Internet

Learn XML Programming

What are attributes?

When creating DTD’s, you sometimes find yourself using attributes instead of elements to create usage rules for your XML documents.  Attributes are a lot like elements, and are defined in an attribute list (as mentioned previously.)  A lot of questions exist as to when attributes should be used and when elements should be used instead… as a basic rule, though, you should keep your definite content (text, and other types of data) in elements, and use attributes to handle metadata, or the information about the text or real data that’s contained within the elements.

Let’s look at our sample attribute list from before:

<!attlist cat_characteristics

hair_length #implied

hair_color #required

name #required

>

As you can see, this list defines various attributes of the element, cat_characteristics.  The attributes given are hair_length, hair_color, and name.  Two of these are required, and one is implied… what all of this means is that when your document starts to be accessed, the program accessing it is going to find an element named cat_characteristics.  To use this element, it’s going to have three pieces of information to find… those are your attributes.  Looking at the attribute list, though, it will determine that one of the pieces might not be available… so it will search for the three pieces, and as long as it finds the two required attributes then it will be able to go on to the next bit of code with no problem.  If it can’t find the required attributes, then it knows that it doesn’t have enough information to use the element, and is therefore unable to continue and displays an error message.

Of course, if you wish you could do things a bit differently… there’s technically nothing wrong with storing your data in attributes, and using elements to create the rules by which the attributes are used.  Unfortunately, this can be a bit confusing in the long run.

Much like elements, there is a specific set of jargon associated with attributes… in addition to #required and #implied, you can also use #fixed (which means that there’s a definite value for the attribute, and it can’t be changed) or enter a value, as well as a variety of different keywords to create your data attributes.  The list of attribute modifiers is:

CDATA The value is character data
(en1|en2|..) The value must be one from an enumerated list
ID The value is a unique id
IDREF The value is the id of another element
IDREFS The value is a list of other ids
NMTOKEN The value is a valid XML name
NMTOKENS The value is a list of valid XML names
ENTITY The value is an entity
ENTITIES The value is a list of entities
NOTATION The value is a name of a notation
xml: The value is a predefined xml value

An example of the format for using these keywords is as follows:

<!attlist cat_characteristics

hair_length CDATA #implied

hair_color CDATA #required

name IDREF #required

>

As you can see, both hair_length and hair_color are to be defined as character data, whereas name is a reference to the value of another element.

What are the limitations of DTD’s?

DTD’s are not the do-all, end-all for coding in XML, however.  Powerful as they may be, DTD’s do have their limitations like most anything in the programming world.  Some of these limitations are minor, but in the right circumstances they can create some major headaches.

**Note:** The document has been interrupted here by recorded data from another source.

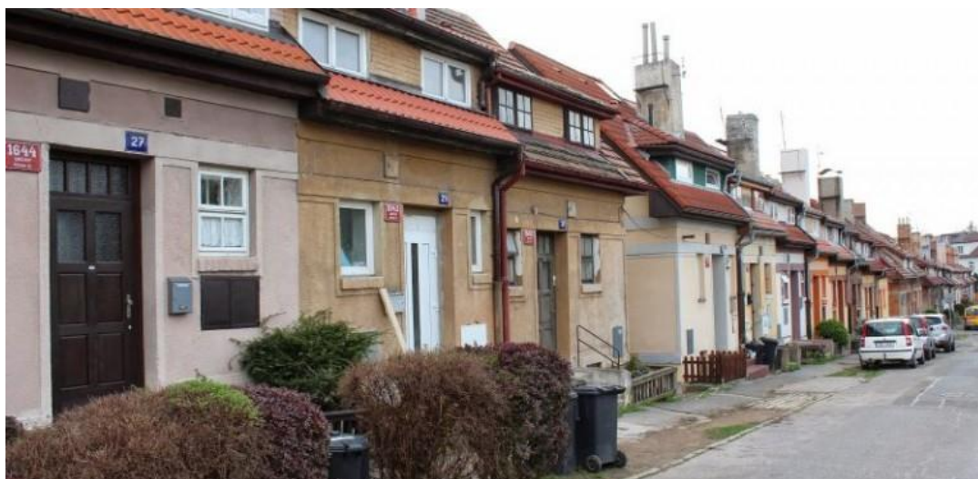
Obr. č. 8: Jedna z nejstarších kolonií na Praze 5 – Kolonie Malvazinky (online), dostupné z < http://www.prahaneznamy.cz/praha-5/smichov/kolonie-malvazinky >

Výstavba velkých rodinných domů v zahradních městech pokračovala, zastínilo ji však budování státních, městských, ale nově i družstevních činžovních domů či menších rodinných domků a vilových kolonií.
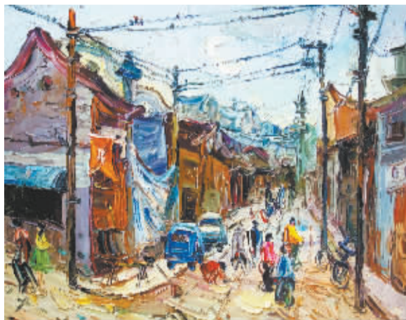
《古镇民居》系列之二 60cm×60cm 布面油画 2010年

画画不是余梅的职业,除了学院附中也没有受过太多正规的美术学院的教育培训,也许因为这个原因,她的画没有那么多拘谨禁锢,随意中有一种大气,色彩在她的画刀下有一种生动的叠加,仿佛有生命、有味道,这味道很芳香,像午后阳
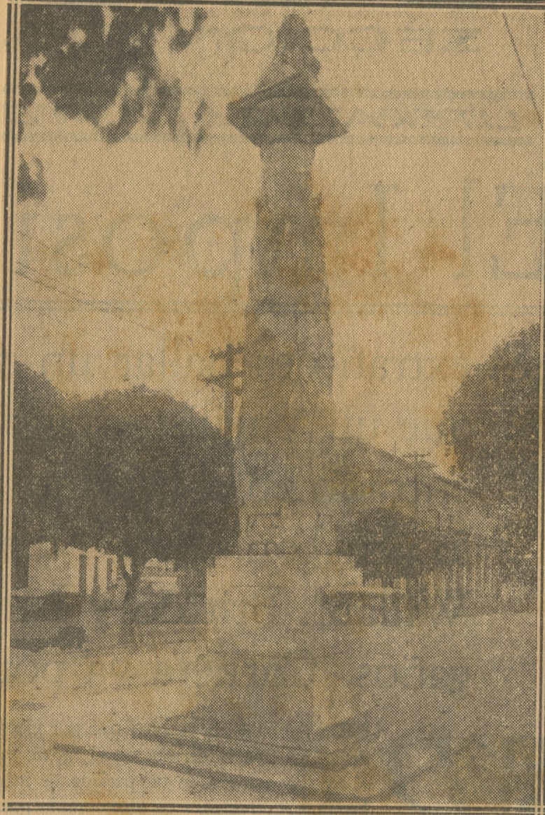
Vista de la fuente de mármol que se encuentra en la Alameda de Paula, y que se ha pretendido trasladar a la Plaza de la Catedral.

INSTITUTO VENEZOLANO DE INVESTIGACIONES LINGÜÍSTICAS Y LINGÜÍSTICAS COMISIÓN NACIONAL DE COOPERACIÓN INTELLECTUAL DE LA REPÚBLICA DE CUBA COMISIÓN NACIONAL DE COOPERACIÓN INTELLECTUAL
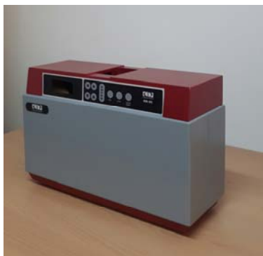
دستگاه سختی سنج قرص
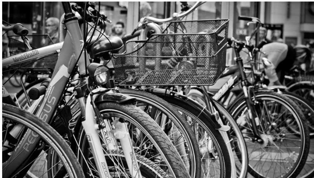
Fahrräder im Fahrradlager

m/s 12. Dezember 2017 Berlin, Polizeimeldungen

First of all, DTD’s require a reference to the DTD in the source document.  This isn’t as much of a problem with small files that have the DTD built in, but if you get into larger documents with an external DTD then you have to have either a SYSTEM or PUBLIC source reference.  Unfortunately, dynamically-generated pages (such as those made with XSL using XML-FO) can have problems finding and following the references.

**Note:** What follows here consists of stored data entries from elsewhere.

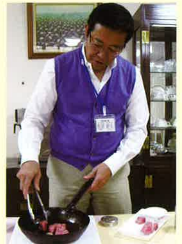
こだわりの一品は施設長自ら腕をふるいます。

「〇〇さん、もうすぐお誕生日になりますが、〇〇さんが今、一番召し上がりたい食べ物はなんですか？」「私はお魚が好きだからお寿司が食べたいわ。でもお肉もいいわね～。デザートも頼める？」これは、とあるフロアでのご利用者様と職員とのやりとりです。始めてから3ヶ月がたちましたが、ご利用者様・ご家族様からご好評頂いています。今日も東へ西へご利用者様のご期待に応える為、食材探しの旅は続く…。
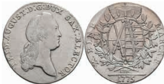
434 Taler, 1775, Friedrich August III., EDC, Dav. 2690, Kahnt 1074, ss-vz. 70,—
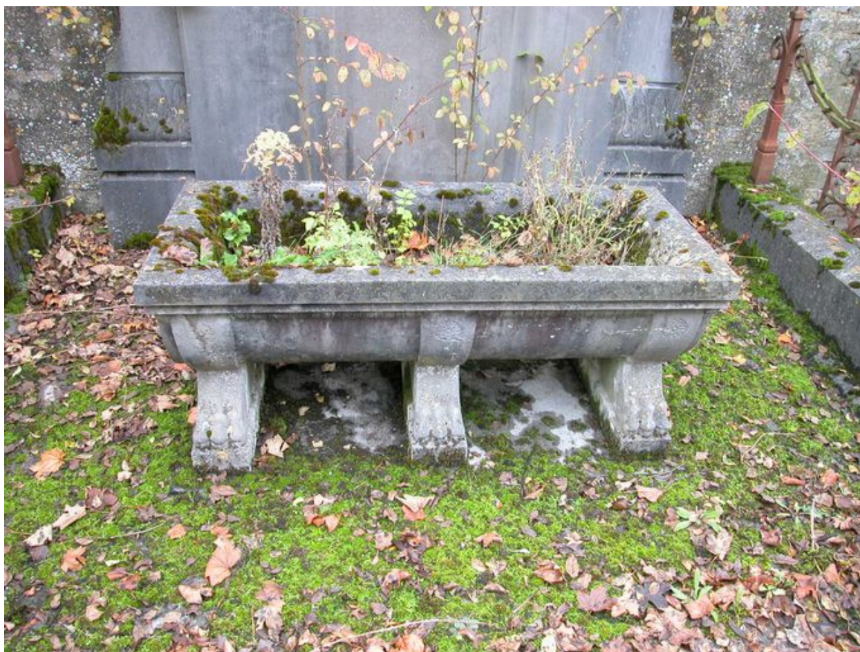
Jardinière à plantes en marbre.
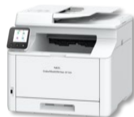
Color MultiWriter 4F150
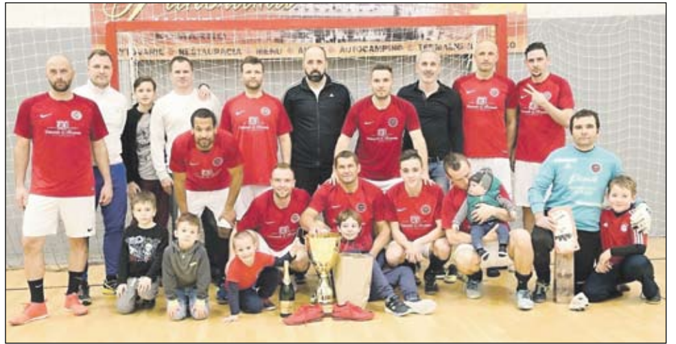
A városi teremlabdarúgó bajnokság győztese, a Bauring City csapata

Megismétlődött a tavalyi év forгатókönyve, egy évvel korábban is óriási csatát vívott ez a két gárda a döntőben, és drámai végjáték után a Bauring City legénysége tovább bővíthette korábban szerzett tróféái számát. Menet közben az ideai bajnoki sorozatban is kiderült, hogy ismét ez a két együttes alkotja a legerősebb egységet. A telt lelátó előtt ismét drámai nagy csatában, ráadásul csak hosszabbítás után dőlt el ki lesz a bajnok. 0:0-ás félidő után a második játékrészben a
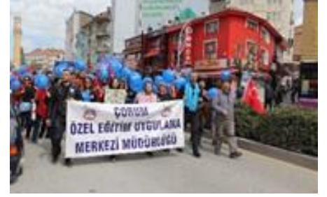
Çorum halkı otizme dikkat çekti
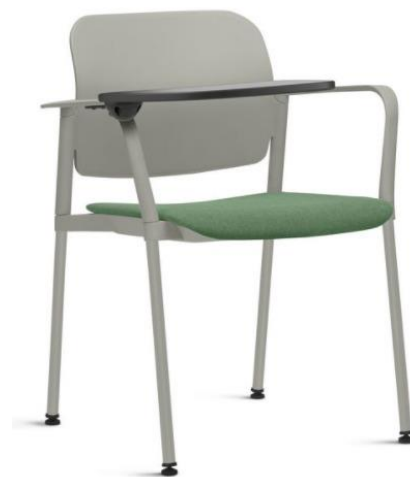
Imagem meramente ilustrativa, válida como referência

2.4. Para o item 6 do Lote 2, o descritivo técnico é o seguinte:
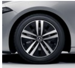
43,2 cm (17") platišča iz lahke kovine (R11)
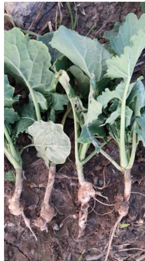
Klumrotsjuka i höstraps. Svampsjukdomen angriper korsblommiga arter som till exempel raps, vitsenap, vitkål och flera ogräs.
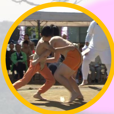
みのり秋祭り 子ども相撲大会
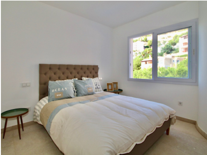
Bequemes Schlafzimmer mit Bad en Suite
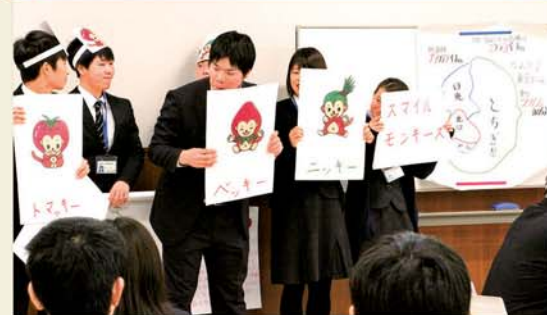
JAかみつがの特徴を説明する職員

JA栃木中央会は2月14日、真岡支店で、当JA、JAうつのみや、JAはが野と合同で、平成29年度新入職員地区別交流会を開きました。
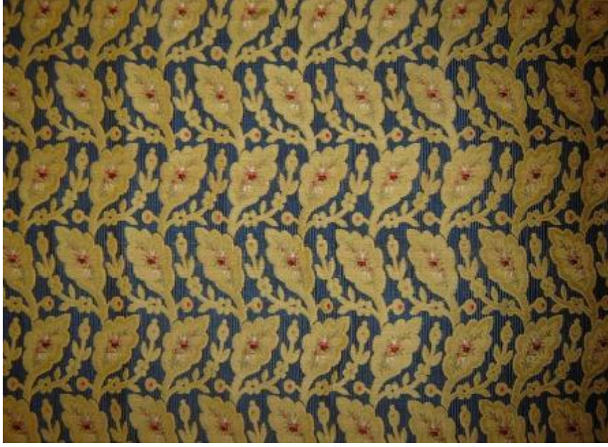
Desen 13: 1/A No' lu Desen
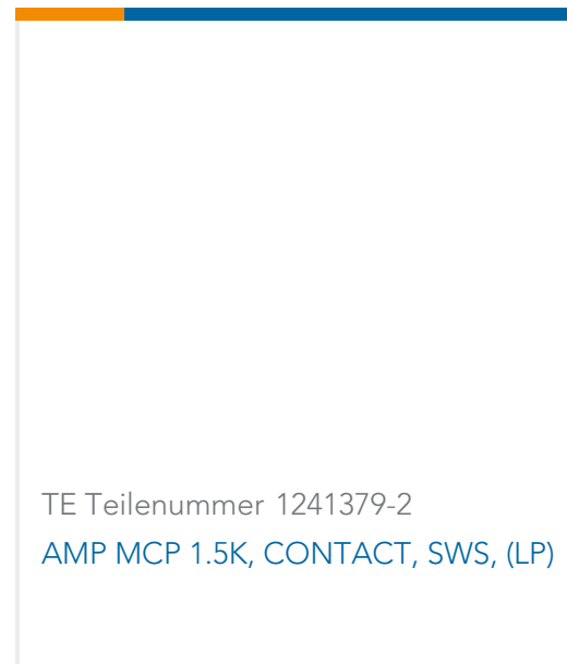
TE Teilenummer 1241379-2 AMP MCP 1.5K, CONTACT, SWS, (LP)
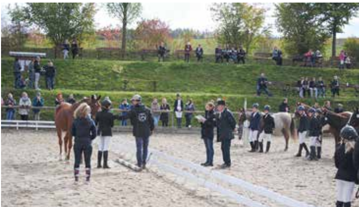
Der Reit- und Fahrverein organisierte am Kirmessonntag ein Breiten-sportturnier. Herzlichen Dank auch hier an alle Beteiligten.
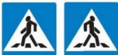
Знаки 5.19.1 и 5.19.2 Пешеходный переход

Если нет подземного или надземного пешеходного перехода, можно перейти по наземному пешеходному переходу

Secondly, DTD’s don’t work well with namespaces (as the DTD isn’t what we like to call “namespace aware”… it doesn’t know what the namespaces mean.)  Larger documents that make extensive use of namespaces can find themselves running into problems with DTD’s.

Another drawback is that while elements that are grouped together in a mixed-content model don’t necessarily need to be in order, many of the programs that will be accessing the DTD aren’t as liberal with their orders and can become confused when encountering the out-of-order elements in a DTD.

Also, DTD’s assign fixed characteristics to elements based upon their name… unfortunately, there are many instances where there’s more to the content of an element or attribute than just the name that the DTD just doesn’t see.

Of course, there are other limitations to DTD’s… these are just a few of the most common.  This isn’t saying that DTD’s shouldn’t be used, however… they can be quite useful and powerful tools when creating XML documents.  You just need to keep in mind that no system of programming is perfect… especially not one that has the ability to be used in so many different ways.